Но так как... в естественном состоянии каждый остается своеправным до тех пор, пока он может защитить себя от притеснения со стороны других, и так как тщетно стремился бы уберечь себя один от всех, то от­сюда следует, что, пока естественное право людей определяется мощью каждого и принадлежит каждому в отдельности, до тех пор оно ничтожно, но существует скорее в воображении, нежели в действительности, ибо осуществление его совершенно не обеспечено.

<...> Несомненно, что там, где люди имеют общее право и все руко­водимы как бы единым духом, каждый из них имеет тем менее права, чем более превосходят его мощью все остальные вместе т.е. он не имеет на самом деле по природе никакого другого права, кроме того, которое уступает ему общее право. Он обязан исполнять все, что бы ни повелевалось ему с общего согласия или же он по праву будет при­нужден к этому.
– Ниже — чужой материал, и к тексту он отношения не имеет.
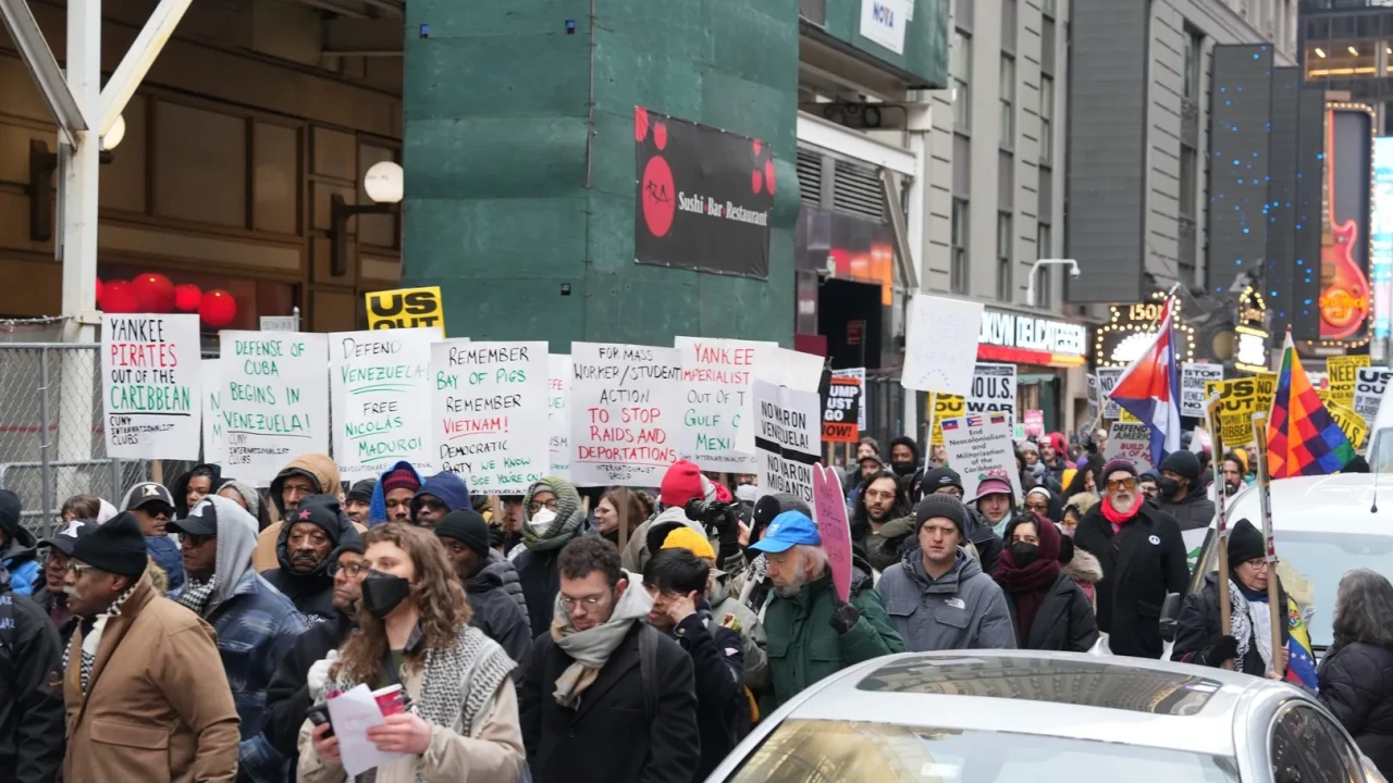 Times Meydanı'nda toplanan kalabalık, ABD yönetiminin Venezuela politikasını kınadı. Protestocular, askeri operasyonların derhal durdurulmasını talep etti.

Это право, определяемое мощью народа (multitudo), обычно называ­ется верховной властью (imperium). Она сосредоточена абсолютно в руках того, на кого с общего согласия положена забота о делах правления, а именно установление, истолкование и отмена права, укрепление горо­дов, решение вопроса о войне и мире и т.д.

<...> В предыдущей главе мы говорили о праве верховной власти, определяемом ее мощью. Мы видели, что существо права заключается главным образом в том, что оно является как бы духом государства, которым все должны руководствоваться. Поэтому только верховная власть имеет право решать, что хорошо, что дурно, что справедливо, что несправедливо, т.е. что следует делать каждому в отдельности или всем вместе или от чего воздерживаться. Таким образом, мы видели, что только ей одной принадлежит право издавать законы, толковать их в каждом отдельном случае, если относительно их возникнет какой-нибудь вопрос, и решать, противоречит ли данный случай праву или согласен с ним... далее, решать вопрос о войне или об установлении и предложении условий мира, или о принятии предложенных ...

<...> Итак, если никто не может поступиться своей свободой судить и мыслить о том, о чем он хочет, но каждый по величайшему праву природы есть господин своих мыслей, то отсюда следует, что в государстве никогда нельзя, не опасаясь очень несчастных последствий, домогаться того, чтобы люди, хотя бы у них были различные и противоположные мысли, ничего, однако, не говорили иначе, как по предписанию верховных влас­тей, ибо и самые опытные, не говоря уже о толпе, не умеют молчать. Это общий недостаток людей - доверять другим свои планы, хотя и нужно молчать; следовательно, то правительство самое насильническое, при котором отрицается свобода за каждым говорить и учить тому, что он думает, и, наоборот, то правительство умеренное, при котором эта самая свобода дается каждому. Но поистине мы никоим образом не можем отрицать, что величество может быть оскорблено столько же словом, сколько и делом; и, стало быть, если невозможно совершенно лишить подданных этой свободы, то и, обратно, весьма гибельно будет допустить ее неограниченно. Поэтому нам надлежит здесь исследовать, до какого предела эта свобода может и должна даваться каждому без ущерба для спокойствия в государстве и без нарушения права верховных властей; это, было здесь главной моей целью.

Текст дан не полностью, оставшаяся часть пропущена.